WebSocket connections can drop—users close their laptops, switch networks, or Lambda cold starts cause temporary delays. Unlike a traditional Node.js server that maintains long-lived connections, API Gateway needs the client to be resilient.

I implemented automatic reconnection with exponential backoff: wait 3 seconds after the first failure, then 6, then 12, up to a maximum of 5 attempts.

// Exponential backoff: 3s, 6s, 12s, 24s, 48s
const delay = reconnectInterval * Math.pow(2, reconnectCountRef.current - 1)

But there's a React-specific gotcha: WebSocket event handlers can capture stale state if you're not careful. I used useRef to store the WebSocket instance and callback functions, ensuring handlers always have fresh data—a pattern I had to learn the hard way after messages started duplicating.

State Management: The Frontend as the "Memory"

Remember how Lambda functions are stateless? The frontend needs to maintain its own state too. When a username changes, the WebSocket must reconnect with new credentials. But React's useEffect can fire multiple times during renders, so I had to carefully clean up old connections before creating new ones.

This was a good reminder: serverless doesn't mean stateless everywhere, you're just moving where that state lives.

Message Validation & Error Handling

The frontend validates every message it receives. Just because it came over the WebSocket doesn't mean it's trustworthy. Each message must have a valid timestamp, username, and message content. Invalid messages are silently filtered out rather than crashing the UI.

// Validate message before adding to state
if (!message.timestamp || !message.username || !message.message) {
  console.warn('Received invalid message format:', message)
  return // Skip this message
}

Automatic History Loading

When a user connects, the frontend automatically requests the last 50 messages from the server. This happens immediately after the WebSocket connection opens, before the user even types anything. The Lambda function uses that DynamoDB GSI we discussed earlier to efficiently fetch recent messages sorted by timestamp.

Connection Status UX

The UI shows real-time connection status: connecting, connected, disconnected, or error. This transparency was crucial during development—seeing "error" immediately told me if my backend deployment failed. In production, it helps users understand when they've lost connectivity.

The frontend turned out to be more complex than I expected. Managing WebSocket lifecycle, handling reconnections, validating data, and providing good UX feedback required more state management logic than a simple chat interface might suggest.
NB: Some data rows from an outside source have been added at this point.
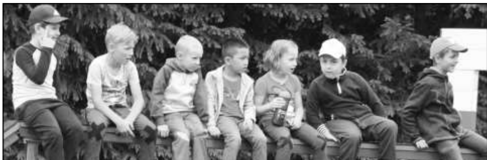
BUDOUCÍ HASIČI PEČLIVĚ SLEDUJÍ VÝKONY JEDNOTLIVÝCH DRUŽSTEV
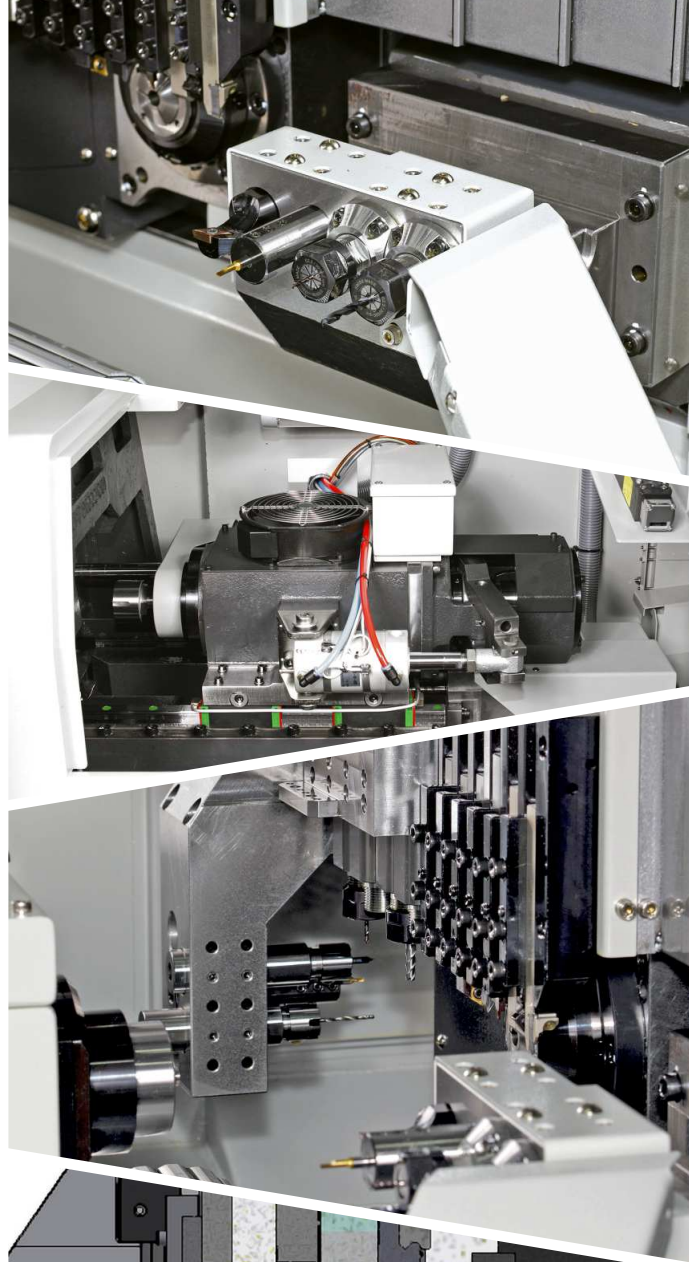
Trasmissione bussola girevole
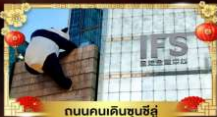
ถนนคนเดินชุนชี่อู่

เที่ยวอุทยานสวรรค์ระดับ 5A จิวจ้ายโกว "กู๋เขาสีดรุณี" อุทยานชื่อดังเหนียงชาน
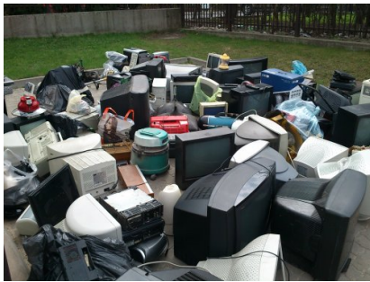
Zbiórka w Gimnazjum Miejskim Nr 3 w Mińsku Mazowieckim w dniu 27 kwietnia 2013r. (3)
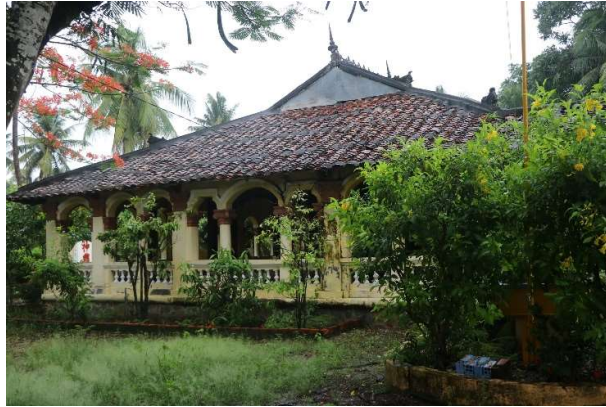
Đình Gia Thạnh ở huyện Châu Thành

Đình Gia Thạnh ở huyện Châu Thành là một trong những ngôi đình có kiến trúc đẹp ở Nam Bộ.
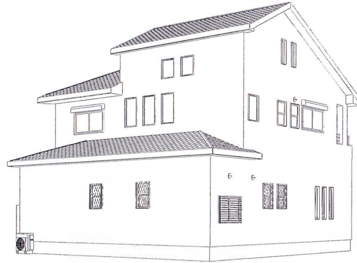
パース方向7外觀透視図
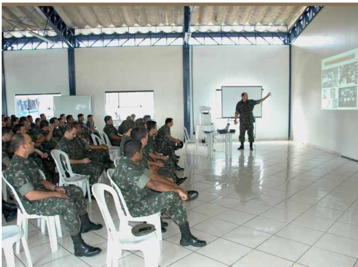
Foto 7 - Exercício de Inteligência nas Operações Militares

A Escola propõe um trabalho baseado nas diferenças individuais e na consideração das peculiaridades de cada discente, mas preocupando-se em desenvolver as habilidades de trabalho em equipe e de relação interpessoal, inerentes à Atividade de Inteligência Militar. O ensino proposto segue a linha “doutrina - diálogo - experimentação - compreensão” e busca a participação baseada na relação direta da teoria com a prática por parte do discente.
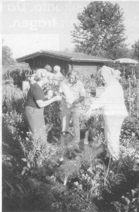
... und heute!
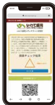
スマートフォン画面

健康チェック時に結果がわかるもの(右記二つのうちどちらか)と二次元バーコードをご提示ください。 スマートフォンで結果画面を提示する場合は、結果確認後、画面をスクロールして二次元バーコードを表示します。
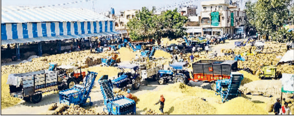
फतेहाबाद। मंडी में आई धान की फसल।

जिले की मंडियों और खरीद केन्द्रों पर धान की आवक जोरों पर है। जिले में अब तक 4 लाख 84 हजार 683 एमटी धान की आवक हो चुकी है। इसमें से करीब 61 प्रतिशत यानि 2 लाख 92 हजार 246 एमटी धान की लिफ्टिंग हो चुकी है जबकि 1 लाख 89 हजार 437 एमटी धान अब भी मण्डियों व खरीद केन्द्रों पर पड़ा है। बता दें कि सरकार द्वारा ग्रेड ए धान का सरकारी रेट 2389 रुपये प्रति क्विंटल तय किया गया है।
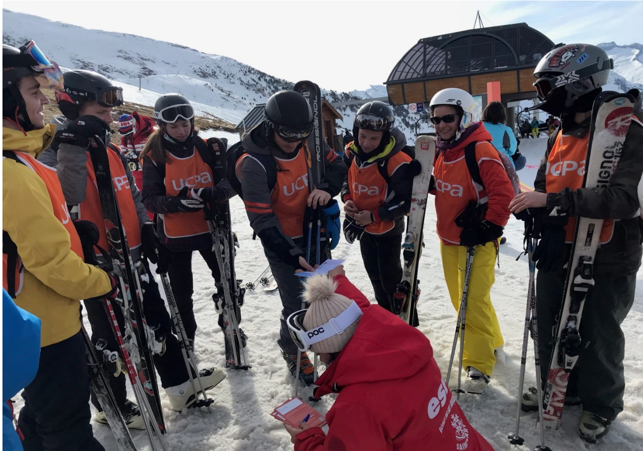
Projet « séjour ski »
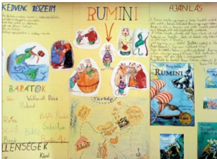
A Szilvásgombóc Galéria kiállításaihoz rendhagyó ábrázolásórák kapcsolódnak
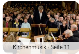
Kirchenmusik - Seite 11
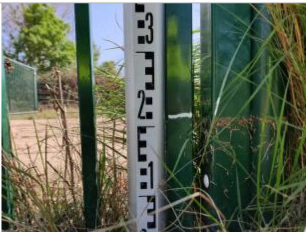
Trace sur le portillon

Altitude calculée de l'eau (en m) : 4.099
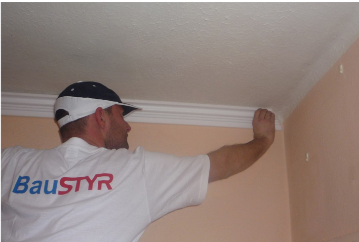
3. NALEPÍME PRVÚ ČASŤ
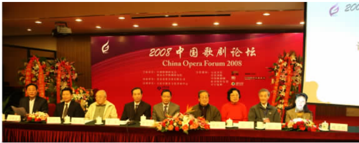
2008 中国歌剧论坛主席台

从左至右依次为中国歌剧研究会主席王祖皆, 北京大学新闻发言人赵为民, 著名词作家乔羽, 中国文联书记处书记廖奔, 文化部副部长欧阳坚, 著名诗人、剧作家贺敬之、著名歌剧表演艺术家王昆, 中国歌剧研究会名誉主席田川, 中国戏剧家协会副秘书长任卫红。
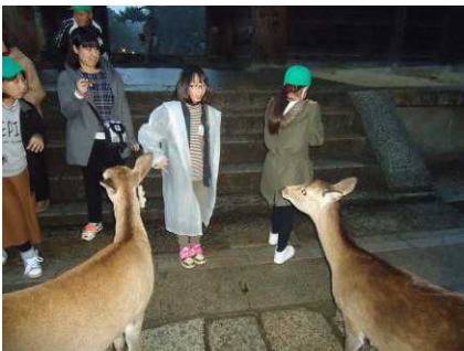
おそろおそろ鹿にせんべいを
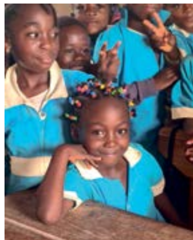
Ein aktuelles Stiftungsprojekt ist eine Primary School in Syangeni in Kenia.
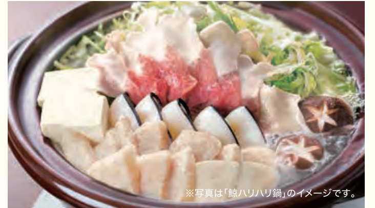
※写真は「鯨はりはり鍋」のイメージです。

ふるさとの格別なごちそう鍋 「鯨はりはり鍋」 希少価値の高い厳選された鯨肉と 秘伝のだしを贅沢に使ったスープは、 鯨肉の旨みと溶け合い絶妙の味わいに。 江戸時代から続いた高知の捕鯨文化。 「おらんくの池にや、潮吹く魚が泳ぎよると よさこい節にも歌われ、親しまれてきました。 ふるさとに思いをよせて。 心と体が芯まであたたまる格別なお鍋です。
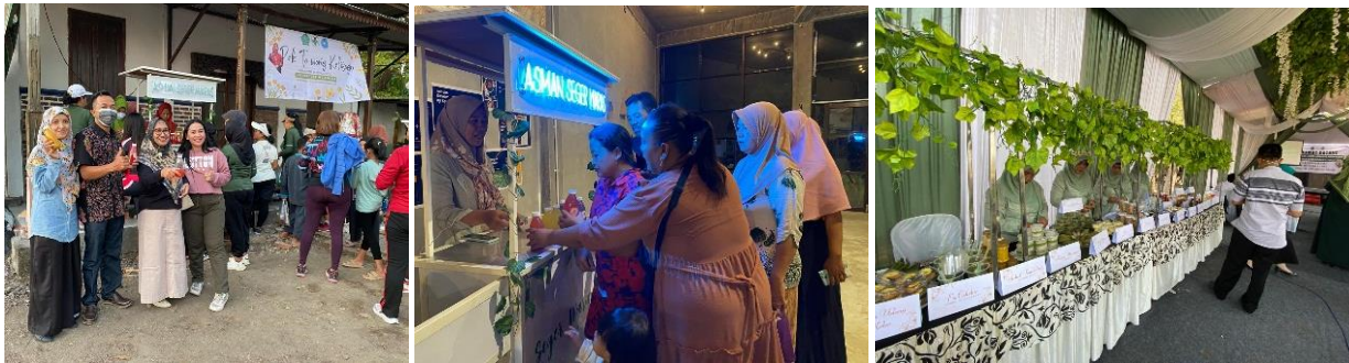
Gambar 6 Penjualan Produk Olahan

“Iya pak agar usaha olahan makanan dan minuman berkembang PKK mengarahkan warga Tambak Kalisogo yang sudah mau ikut dalam menjalankan usaha olahan makanan dan minuman itu awalnya warga diajarkan mengenai langkah-langkah yang dilakukan dalam proses pembuatan olahan tersebut untuk dilakukan dengan hati-hati dalam menjaga kualitas yang baik dan cara agar olahan tersebut dapat bertahan beberapa hari. Semua olahan yang kami buat dari hasil kami menanam sendiri.” (Wawancara, 26 Februari 2024)
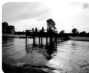
BADEBRO - FORSLAG
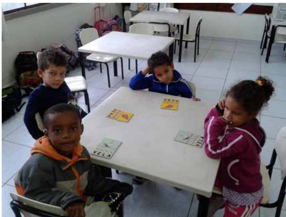
Imagem 9 – Atividade Bingo das Letras em sala de aula

Foi esta uma das poucas brincadeiras que percebemos uma interação entre a professora A com os seus alunos. Ela utilizou o jogo com o propósito de ensinar às crianças algo que já estava sendo trabalhando em sala de aula: as letras do alfabeto. A imagem 9, a seguir, mostra as crianças realizando esta atividade.
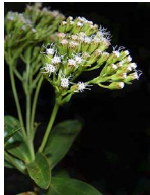
46 Lithothamnus ellipticus
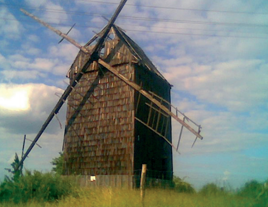
Zniszczony drewniany wiatrak typu koźlak we wsi Duchowo

Destroyed wooden post mill in Duchowo village

The Missing Features You Don't Think About

When building a real-time chat app, there are several features that seem obvious in hindsight but aren't immediately apparent:

Message history loading: Users expect to see previous messages when they join. The getHistory route and GSI pattern make this efficient.
Stale connection cleanup: Users can disconnect without properly closing the WebSocket (closed browser, network issues). Handling 410 Gone errors and cleaning up the database prevents memory leaks.
Server-side username validation: Never trust the client. The authorizer validates usernames before connections are established, preventing XSS and injection attacks.
Route-based message routing: Using the action field in the message body allows a single WebSocket connection to handle multiple types of operations (sendMessage, getHistory, etc.).

What I Learned

Building this app bridged the gap between the "million acronyms" I learned in class and actual engineering.

State is hard in Serverless: You take for granted that a server knows who is connected. In Lambda, you have to build that "memory" yourself using a database.
Testing WebSocket Lambda functions is challenging: You can't easily test WebSocket connections locally. I had to deploy to AWS to test, which slowed down the development cycle. I created test scripts using event payloads to simulate API Gateway invocations, but they still required the full infrastructure to be running.
Modern Dev Tools: Combining Terraform for the backend and AI-assisted coding for the frontend allowed me to build a project that would have taken a team of three a few weeks to build in just a fraction of the time.